Order was eventually restored to the town by midnight on 19 July, but the fire brigade were unable to extinguish the fire, and by the next morning the town hall was little more than a ruin. The remains of the building were demolished in August 1919 and in 1922 the war memorial, designed by Sir Reginald Blomfield, inscribed with the names of 1,286 dead from the Great War, was unveiled.

==Aftermath==

Many of those arrested received serious sentences. John Henry Good who took part in the riots was sentenced to six weeks of hard labour.
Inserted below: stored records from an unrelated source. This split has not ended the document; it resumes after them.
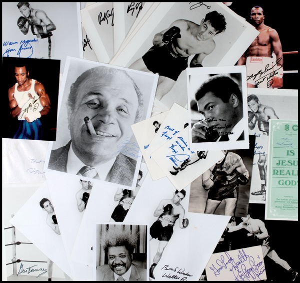 Twenty-five signed items: Is Jesus Really God pamphlet, signed and inscribed on the front by Muhammad Ali; glossy 5 x 7 photos of Ali, signed and inscribed in black felt tip; ballpoint signature of Ali at the bottom of a 1988 TLS to Ali; felt tip signature of Ray ‘Boom Boom’ Mancini on an off-white 5 x 3 card; and twenty-one signed photos, ranging in size from 3.5 x 5.5 up to 8 x 10, each signed in ink or felt tip by the respective boxing figure pictured. Signers include: Willie Pep (5), Gene Tunney, Rocky Graziano (8), Jake LaMotta, Floyd Patterson (3), Sugar Ray Leonard (2), Ingemar Johansson and Don King. In fine overall condition. LOA Steve Grad/PSA/DNA and R&R COA.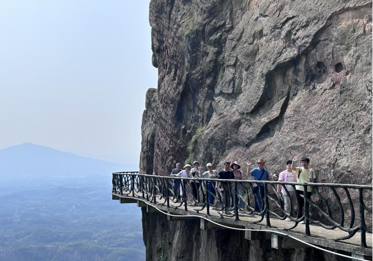 下午,大家来到湘鄂赣革命根据地红色旅游胜地——石牛寨进行登山游览。石牛寨以奇险著称,山中到处可见千姿百态的怪石、鬼斧神工的奇峰,元末义军的故事让这片美丽的山寨充满神奇的色彩。一行人翻山越岭,走红军小道,过九曲一线天,观百里丹霞,游走绝壁栈道……尽管登山之路,地势陡峭、海拔较高,但是大家在行程中相互帮助,互相鼓励,不畏艰险,凭借顽强的意志登上山顶。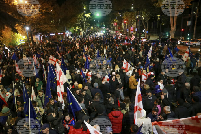 Демонстрациите бяха предизвикани от решението на управляващите да замразят за 4 години преговорите за присъединяване на Грузия към Европейския съюз, съобщава Нова тв. В Тбилиси протестиращите хвърляха фойерверки по полицията, която отговори със залпове от водни оръдия.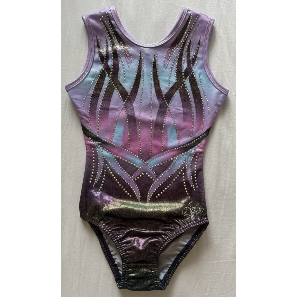 Vpředu i vzadu je dres bohatě doplněn stříbrnými kamínky. Výstřih a rukávy jsou lemovány světle fialovou barvou. Výstřih je ve tvaru U.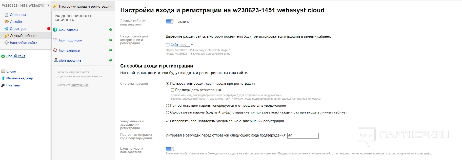 В настройках личного кабинета можно настроить способы входа и регистрации, адрес электронной почты. Примеры разделов личного кабинета (они определяются подключенными приложениями):

In 2019, to commemorate the centenary of the 1919 Peace Riots, Cultural Histories Community Interest Company, working with a number of partner organisations, individuals and local community groups in Luton, developed a range of projects to promote awareness and interest in the 1919 Peace Days riots via a programme of learning and the performing arts. The projects included collecting personal and family recollections of the Peace Riots, plus art and music projects to promote local awareness of the event.